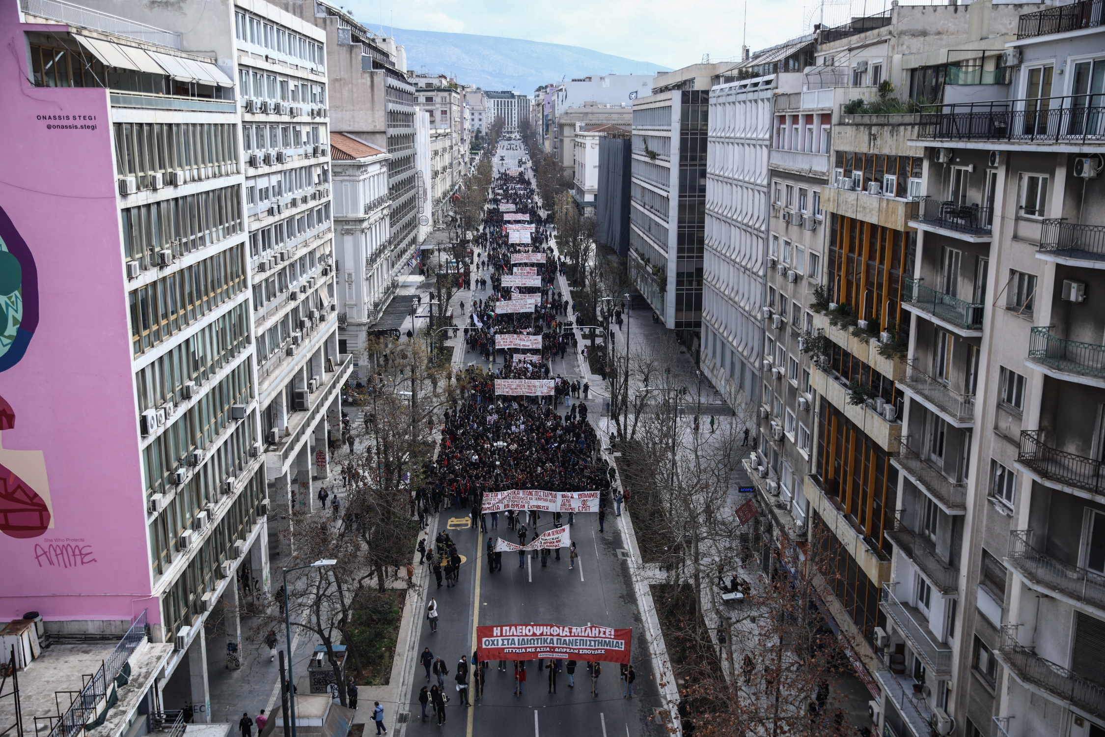 Students demonstrate against the privatization of the public education system, outside the Ministry of Eductaion, in Athens, on February 22, 2024 / Διαμαρτυρία φοιτητών κατά της ίδρυσης μη κρατικών πανεπιστημίων, έξω απο το Υπουργείο Παιδείας, στις 22 Φεβρουαρίου, 2024
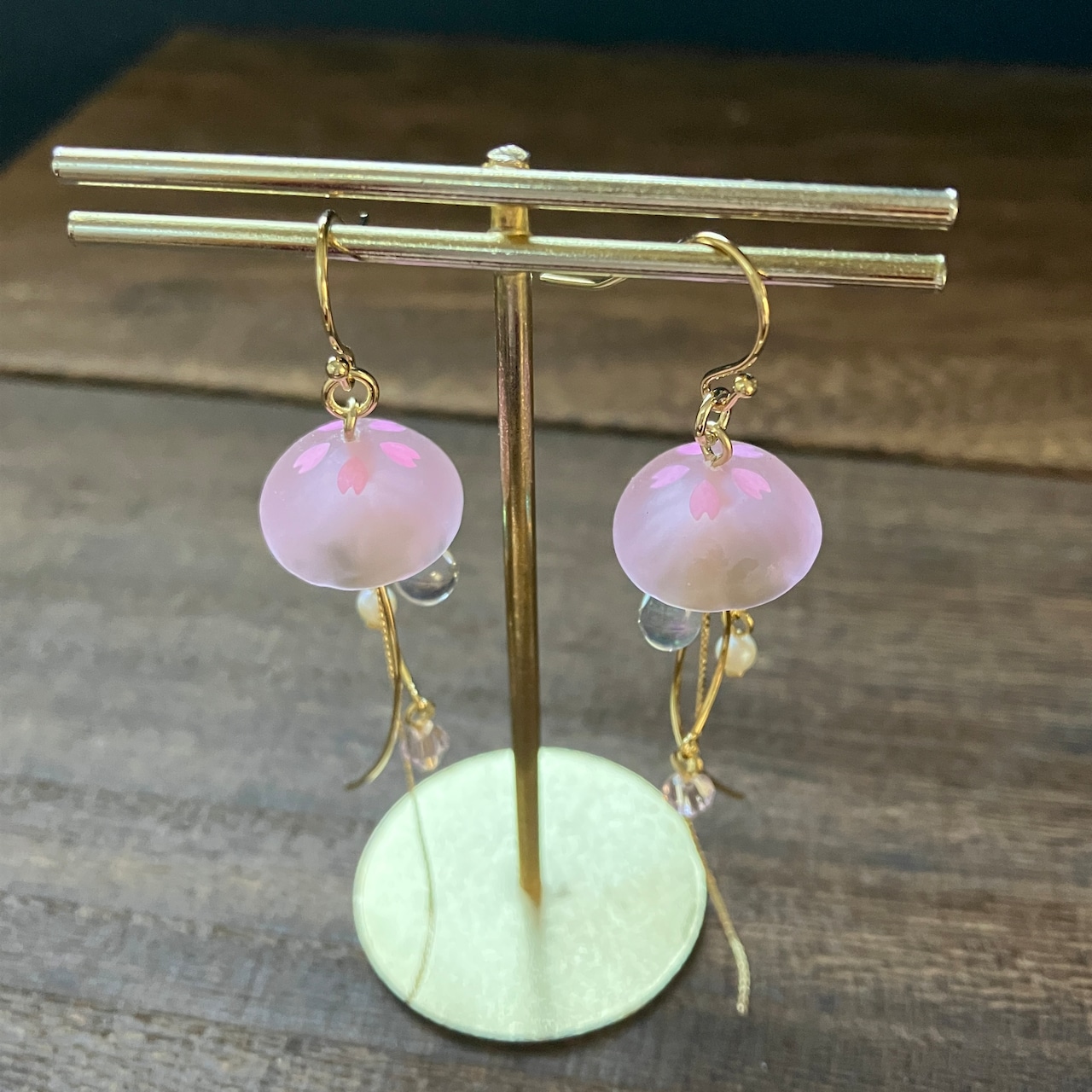 桜と海月をモチーフにしたゆらゆら揺れる耳飾り。
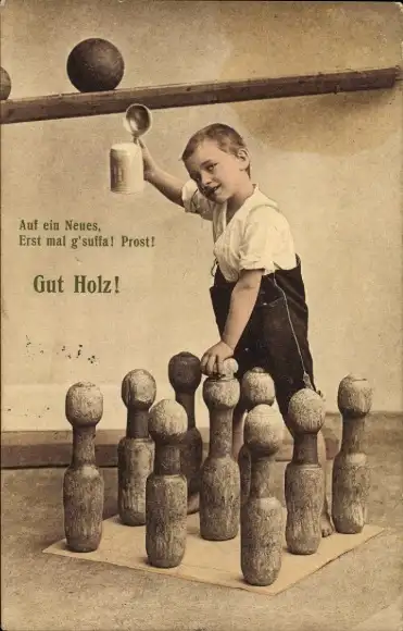 Ak Gut Holz, Junge mit Bierkrug, Kegelbahn
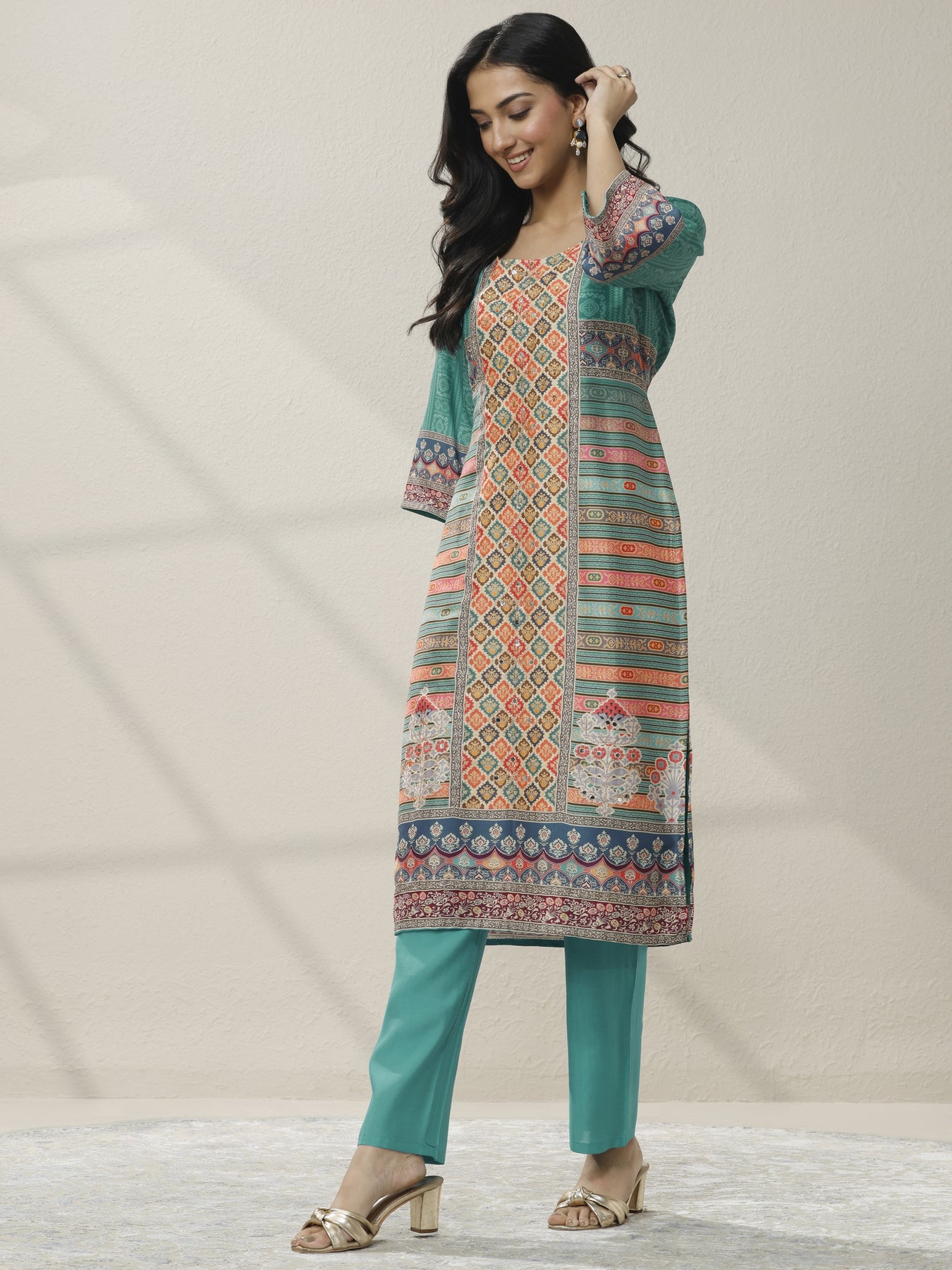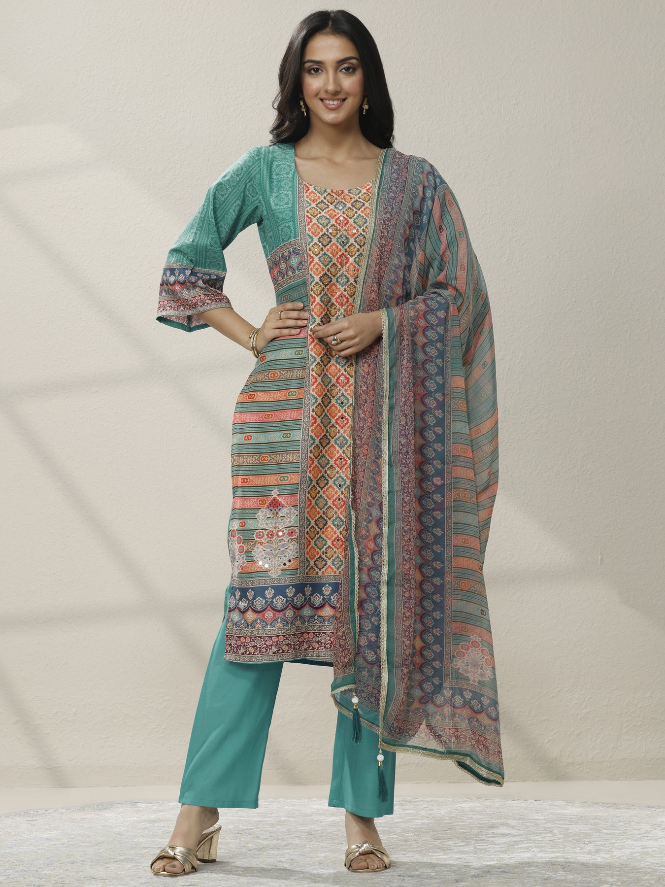 Multi Printed Crepe Straight Suit Set With Dupatta
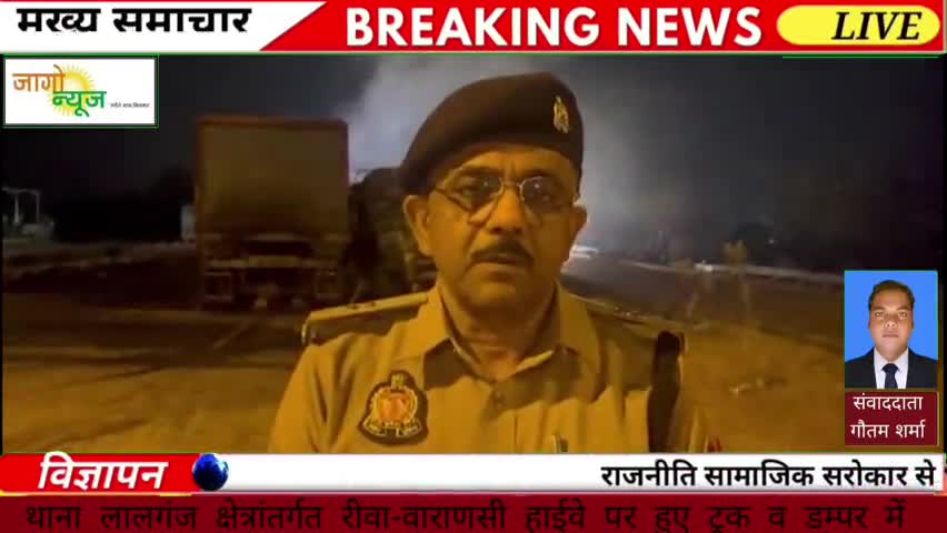 थाना लालगंज क्षेत्रांतर्गत रीवा-वाराणसी हाईवे पर हुए ट्रक व डम्पर में टक्कर से लगी आग,पुलिस के उच्चाधिकारी,थाना लालगंज
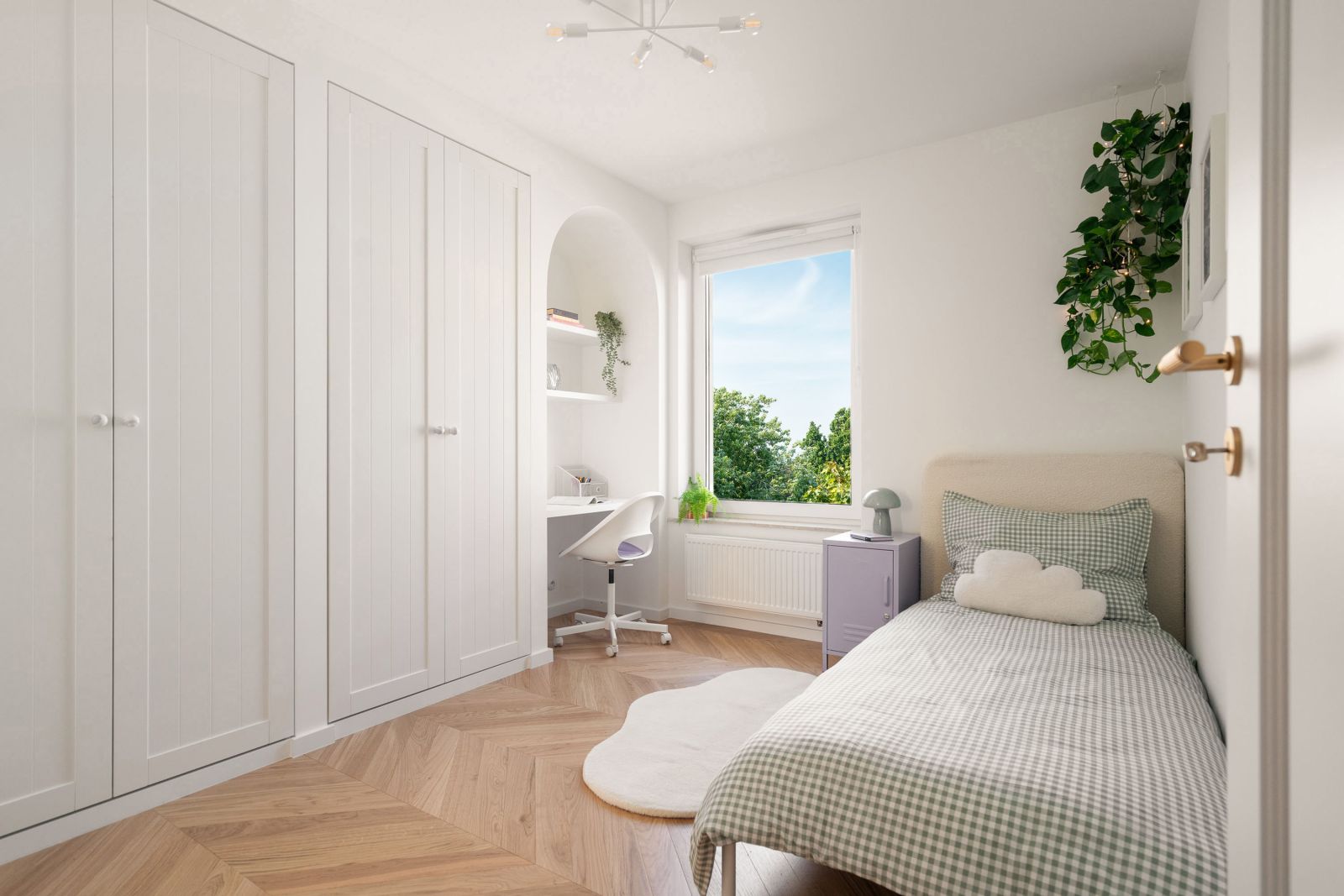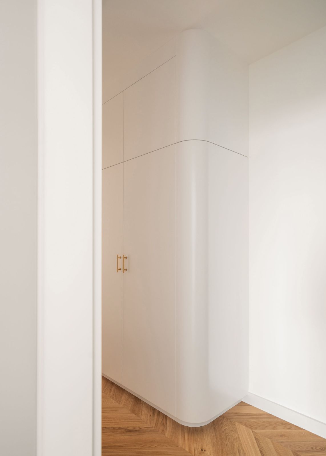 Znajduje się w drugiej sypialni. Na prośbę młodej lokatorki została ona urządzona w nieco romantycznym stylu. Biała zabudowa, z pojemną szafą i dużym biurkiem, kojarzy się z dawnymi sekretarzykami. Może za sprawą pomysłowej niszy, wykończonej górą eleganckim łukiem, w którą sprytnie wsunięto blat do pracy oraz półki na książki.
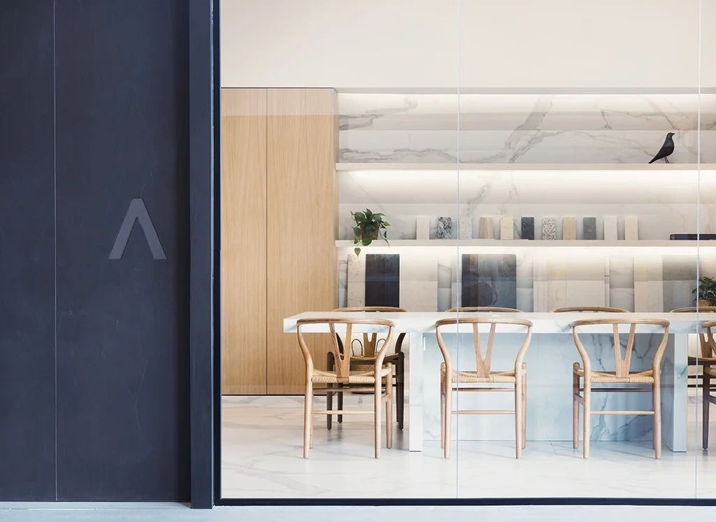 The showroom is divided into two distinct areas: Kitchen & Bath and PRO. In the area dedicated to kitchens, a “Creative Kitchen” has been installed, an innovative digital tool that is a pioneer in the sector and allows users to visually change the finish of a worktop based on the sample selected. This technology provides an intuitive, full-size simulation of the material of the natural stone or sintered stone selected, helping users to visualise the application of the material selected. In addition to this experience, all the information on the material regarding its origin, data sheet and sample applications in real projects is presented.
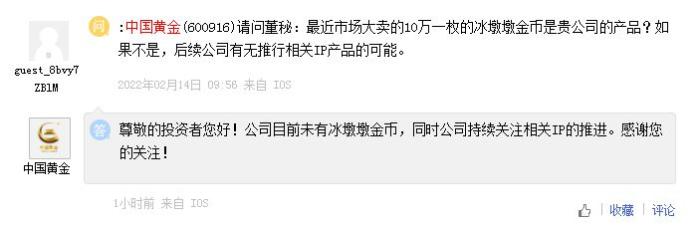 2月17日电 17日,针对有投资者询问最近市场大卖的10万一枚的冰墩墩金币是否为中国黄金公司的产品,中国黄金在互动平台回复称,公司目前未有冰墩墩金币,同时公司持续关注相关IP的推进。
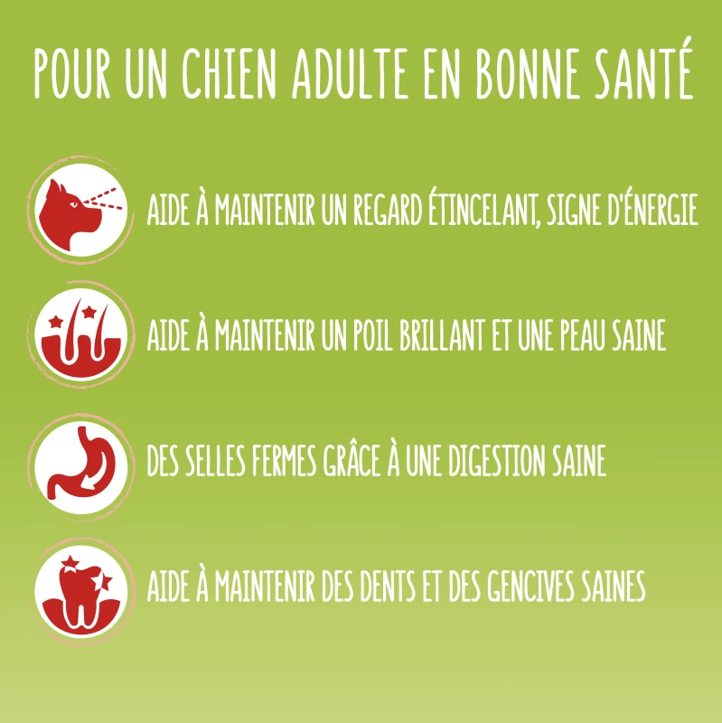 Met rundvlees: Granen (volle granen 64%), vlees en dierlijke bijproducten (8%*), bijproducten van plantaardige oorsprong, oliën en vetten, plantaardige eiwitextracten, minerale stoffen. * Gelijk aan 16% gerehydrateerd vlees en dierlijke bijproducten, met min 4% rundvlees.
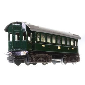 Modell vom Schnellzugwagen, zwei zweiachsige Drehgestelle, Aufbau und Fahrgestell Blech, Dach grau, abnehmbar, Aufbau grün bis mittel dunkelgrün, eine schwarze Zierlinie, Firnislacküberzug, Rahmen schwarz, Fenster mit Cellon hinterlegt, 1. und 2. Klasse.

+===+

(Exercise description):
The response should reproduce all the material above exactly and leave out its pictures.

(Solution for this task):
 Students demonstrate against the privatization of the public education system, outside the Ministry of Eductaion, in Athens, on February 22, 2024 / Διαμαρτυρία φοιτητών κατά της ίδρυσης μη κρατικών πανεπιστημίων, έξω απο το Υπουργείο Παιδείας, στις 22 Φεβρουαρίου, 2024
 桜と海月をモチーフにしたゆらゆら揺れる耳飾り。
 Ak Gut Holz, Junge mit Bierkrug, Kegelbahn
 Multi Printed Crepe Straight Suit Set With Dupatta
 थाना लालगंज क्षेत्रांतर्गत रीवा-वाराणसी हाईवे पर हुए ट्रक व डम्पर में टक्कर से लगी आग,पुलिस के उच्चाधिकारी,थाना लालगंज
 Znajduje się w drugiej sypialni. Na prośbę młodej lokatorki została ona urządzona w nieco romantycznym stylu. Biała zabudowa, z pojemną szafą i dużym biurkiem, kojarzy się z dawnymi sekretarzykami. Może za sprawą pomysłowej niszy, wykończonej górą eleganckim łukiem, w którą sprytnie wsunięto blat do pracy oraz półki na książki.
 The showroom is divided into two distinct areas: Kitchen & Bath and PRO. In the area dedicated to kitchens, a “Creative Kitchen” has been installed, an innovative digital tool that is a pioneer in the sector and allows users to visually change the finish of a worktop based on the sample selected. This technology provides an intuitive, full-size simulation of the material of the natural stone or sintered stone selected, helping users to visualise the application of the material selected. In addition to this experience, all the information on the material regarding its origin, data sheet and sample applications in real projects is presented.
 2月17日电 17日,针对有投资者询问最近市场大卖的10万一枚的冰墩墩金币是否为中国黄金公司的产品,中国黄金在互动平台回复称,公司目前未有冰墩墩金币,同时公司持续关注相关IP的推进。
 Met rundvlees: Granen (volle granen 64%), vlees en dierlijke bijproducten (8%*), bijproducten van plantaardige oorsprong, oliën en vetten, plantaardige eiwitextracten, minerale stoffen. * Gelijk aan 16% gerehydrateerd vlees en dierlijke bijproducten, met min 4% rundvlees.
 Modell vom Schnellzugwagen, zwei zweiachsige Drehgestelle, Aufbau und Fahrgestell Blech, Dach grau, abnehmbar, Aufbau grün bis mittel dunkelgrün, eine schwarze Zierlinie, Firnislacküberzug, Rahmen schwarz, Fenster mit Cellon hinterlegt, 1. und 2. Klasse.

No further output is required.